The 24 BnaCYCB genes were located on 14 chromosomes, and BnaCYCB1;3a was located on a scaffold, with 11 genes in the A subgenome and 13 in the C subgenome (Figure 3A). No BnaCYCB genes were found on chromosomes A02, A04, A05, A10, or C04. All chromosomes with BnaCYCB contained one or two genes, except A06 and C03 with three gene locations (Figure 3A). In B. napus, 40 pairs composed of 23 CYCB genes were predicted to share syntenic relationships, with tandem duplications found in BnaCYCB2;4a, BnaCYCB2;4b, BnaCYCB2;4c, and BnaCYCB2;4d (Figure 3A).

Furthermore, the collinearity map among Brassicaceae species showed a great number of homologous CYCB genes in A. thaliana, B. oleracea, B. rapa, and B. napus. Seven and eight AtCYCBs shared syntenic relationships with 12 BolCYCBs and 13 BraCYCBs, respectively, including six to seven multi-copy genes and one single-copy gene (AtCYCB1;1) (Figure 3B). No homolog for AtCYCB2;3, AtCYCB1;5, or AtCYCB1;4 was found in either B. oleracea or B. rapa, indicating that genes losses occurred in B. oleracea and B. rapa during evolution. The CYCB members from diploids B. oleracea and B. rapa mostly overlapped with those from the C and A subgenomes of B. napus. Twelve of 13 BolCYCB genes and 13 of 15 BraCYCB genes were in collinear regions. The results showed that segmental duplication was the main contributor in the evolution of CYCB members.

To explore the selective pressures on CYCB genes, we determined the Ka/Ks ratio in Brassica. The results showed that the Ka/Ks ratio of all genes were subject to purifying selection. A comparison of the Ka/Ks ratios showed that the average Ka/Ks ratio of B. rapa (0.2064) was higher than that in B. napus (0.1664) and B. oleracea (0.1667), suggesting that CYCB genes in B. rapa experienced higher selection pressure during evolution (Table 3).
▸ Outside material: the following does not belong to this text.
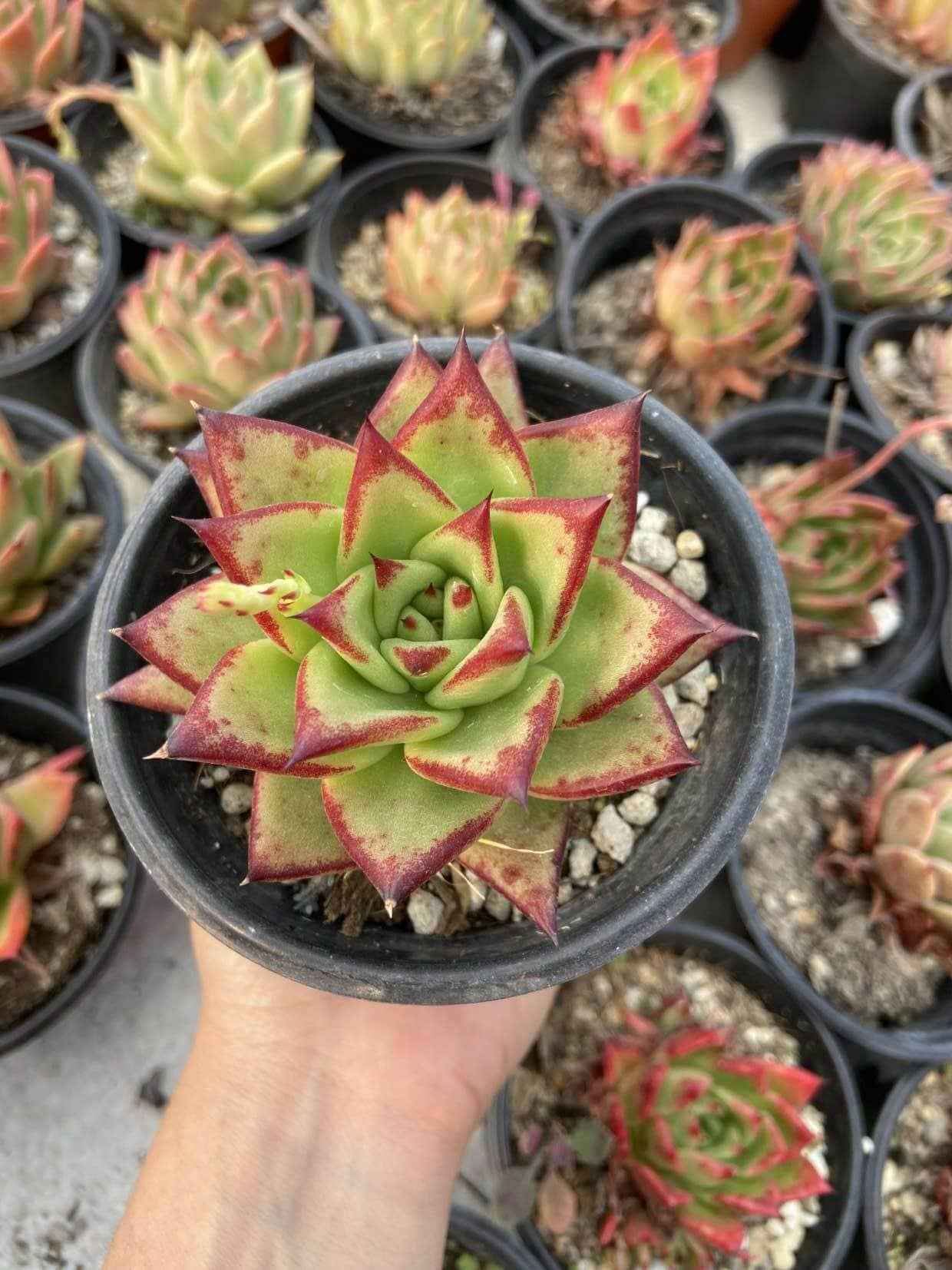 Roseta compacta de tonos claros y crecimiento lento.

2.5. Analysis of Promoter Cis-Acting Elements and Protein Interaction Networks

Cis-acting elements affected gene transcription and expression. The analysis showed that the promoter regions of CYCB genes contained a lot of cis-acting elements involving various biological processes. We excluded the components with general transcriptional regulatory elements (TATA-box, CAAT-box, AT~TATA-box), non-Brassicaceae elements, and uncertain function elements and then divided the remained elements into four categories: abiotic, biotic, light response, and growth and development elements. The abiotic response category was the largest, in which drought stress-responsive elements (MBS, MYB, MYC, MYB recognition site, MYB recognition site) were major and were found in most genes, revealing that BnaCYCB genes may be extremely sensitive to drought (Figure 4). Most BnaCYCB genes’ promoter regions contained hormone response elements, including abscisic acid (20), auxin (7), gibberellin A3 (7), and ethylene response elements (2). In addition, there was a major proportion of light response elements in BnaCYCB gene promoter regions (G-box, GT1-motif, ATC-motif, TCT-motif, GATA-motif, GA-motif, Box-II, Gap-box, AE-box) (Figure 4), suggesting the important role of BnaCYCB genes in B. napus growth.

The protein networks displayed that 14 BnaCYCBs potentially interacted with 29 protein candidates (Figure 5), which were mainly associated with cell cycle regulation. The CYCB members from Groups 1, 2, and 3 appeared to display similar networks, showing high connectivity with the hub gene mitotic arrest deficient 2 (MAD2) to regulate the spindle assembly checkpoint, which corresponds with their roles in regulating spindle formation (Figure 5). The CYCB proteins were predicted to interact with several types of CDK proteins and some regulatory subunits of CDK (CKS2, WEE1) that may mediate the interactions between CDK and CYCB proteins.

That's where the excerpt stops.